The group parted, and a single rider advanced. Catherine’s stomach twisted at the sight of him—familiar in ways that scraped raw against her pride. Broad shoulders, fair hair darker than memory, eyes fixed on her with a heat that made her blood run cold.

“Catherine,” he said, and the name on his tongue was a claim.

Her breath caught. Laird Edwin MacLeod.

CHAPTER TWO

The letters she had burned, the gifts she had returned, the courtesy she had shown him only because custom demanded it—none of it had severed him. She had been polite, as was expected of her, but she had never encouraged him, never accepted a single word of his supposed courtship. And now, there he stood, blocking her path, armed men at his back.

Aidan’s gaze cut to him, sharp as a drawn blade. “Edwin MacLeod. State yer purpose.”

Edwin’s eyes never left hers. His mouth curved into a smile she knew too well. “I am here fer what is mine.”

Every muscle in Catherine’s body went taut. “What is yers?” Her voice rang clear, though her heart thundered.

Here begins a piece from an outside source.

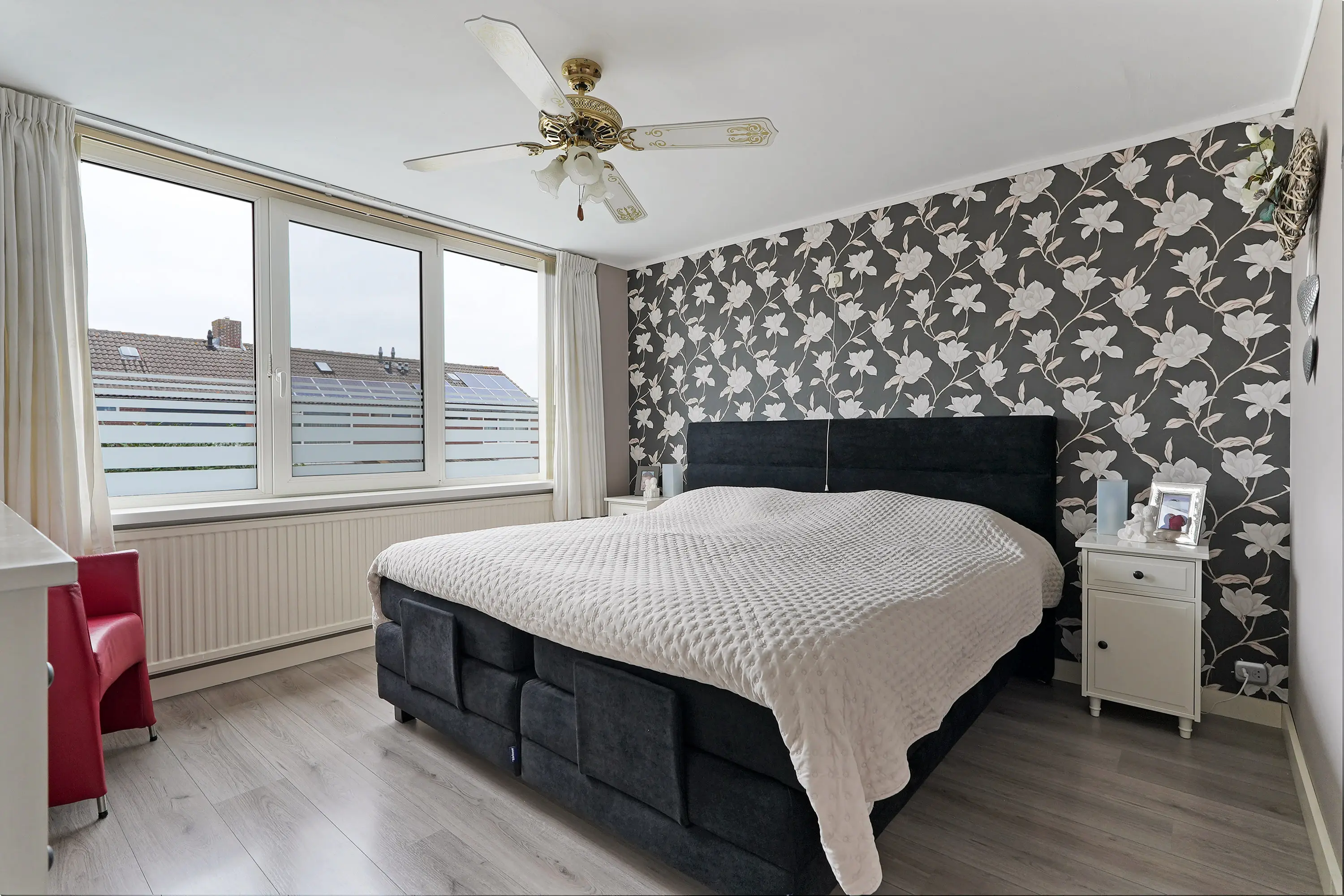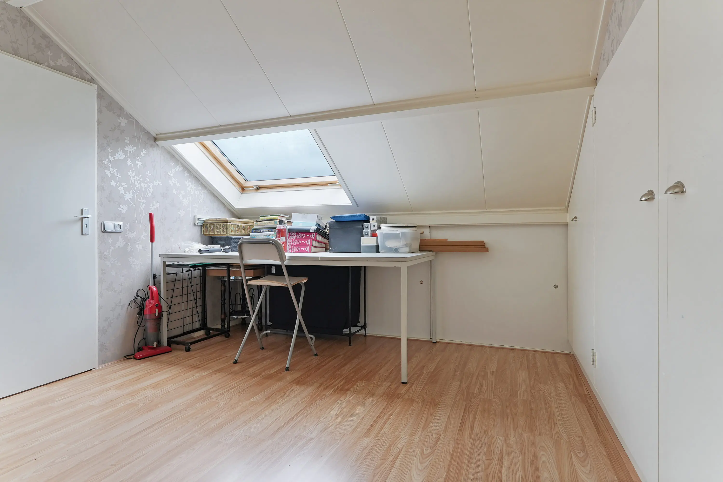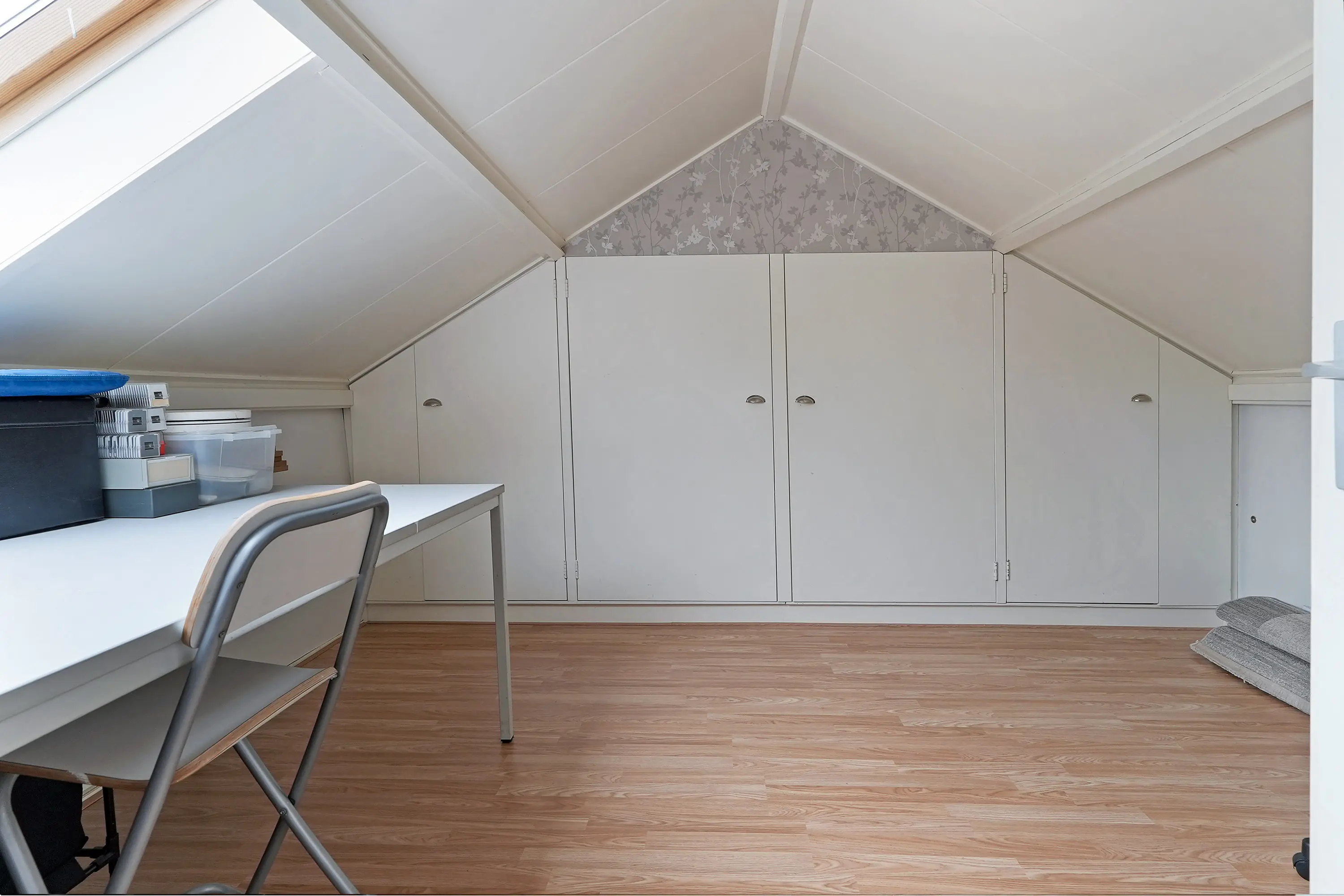 Via de vaste trap bereikt u de zolderverdieping. Deze verdieping biedt verrassend veel ruimte en is ingedeeld met een overloop en een royale vierde slaapkamer. Deze kamer kan uitstekend dienen als tienerkamer of hobbyruimte. Achter de knieschotten is volop bergruimte aanwezig voor koffers, seizoensspullen en andere zaken die u niet dagelijks nodig heeft.

Edwin’s smile deepened, and when he spoke the words were a shackle thrown at her feet. “Me betrothed.”

The word struck like a slap.Betrothed.

Catherine’s lips parted, breath catching in outrage before she forced it into steel. “Yer betrothed?” She could hear the blood pounding in her ears, could feel Alyson’s stiff silence beside her and Sofia’s hand clutching at her sleeve.

But Edwin only smiled wider, the same boyish curve he had once wielded at feasts, when he had pressed notes into her hand or lingered too near in corridors. He looked at her as though her protest meant nothing, as though her will were smoke against stone.

Aidan’s gaze cut between them, cool as mountain frost. “What claim dae ye make?”

Edwin straightened, his chest swelling beneath his plaid. “Catherine MacDonald has long been promised tae me. Our faithers began the negotiations when we were bairns, and the contract was near drawn when her father fell. Her brother Tòrr will sign it soon enough—an agreement between our clans, made in good faith.”

Catherine’s hands clenched on her reins, her blood hot. “Ye speak o’ contracts that were never signed, Edwin. There was nay promise, nay word from Tòrr, and certainly nay word from me.”

Edwin’s tone softened, the false tenderness cutting deeper than anger. “Ye forget, Catherine. The MacDonalds ken o’ our courtship. Ye returned me letters only out o’ modesty. Ye cannae deny what all the Highlands already ken.”

“Nay.” Catherine’s voice shook with fury, though she sat tall in the saddle.

A murmur ran through the MacDonald men around her, the uneasy shiver of swords half drawn, of pride affronted. Catherine’s cheeks burned from the humiliation of being spoken of like a parcel to be claimed. She had ignored Edwin’s letters, returned his trinkets, let his eager words fall unanswered. That silence should have been enough of an answer. And yet here he stood, his delusion thickened into chains.

Aidan’s eyes lingered on her longer than on Edwin, searching, assessing, weighing something unspoken. Catherine met his gaze head-on, unwilling to flinch beneath it, though the ground seemed to shift beneath her boots. There was no mockery in his look, only a measured calm that made her pulse stumble.

For one wild heartbeat, she wondered what he saw—a foolish girl dragged into another man’s lie, or a woman worth defending. Either way, she hated that the question mattered. Her throat tightened, pride warring with shame as she forced her chin higher. If he pitied her, she would sooner drown in the Spean than bear it.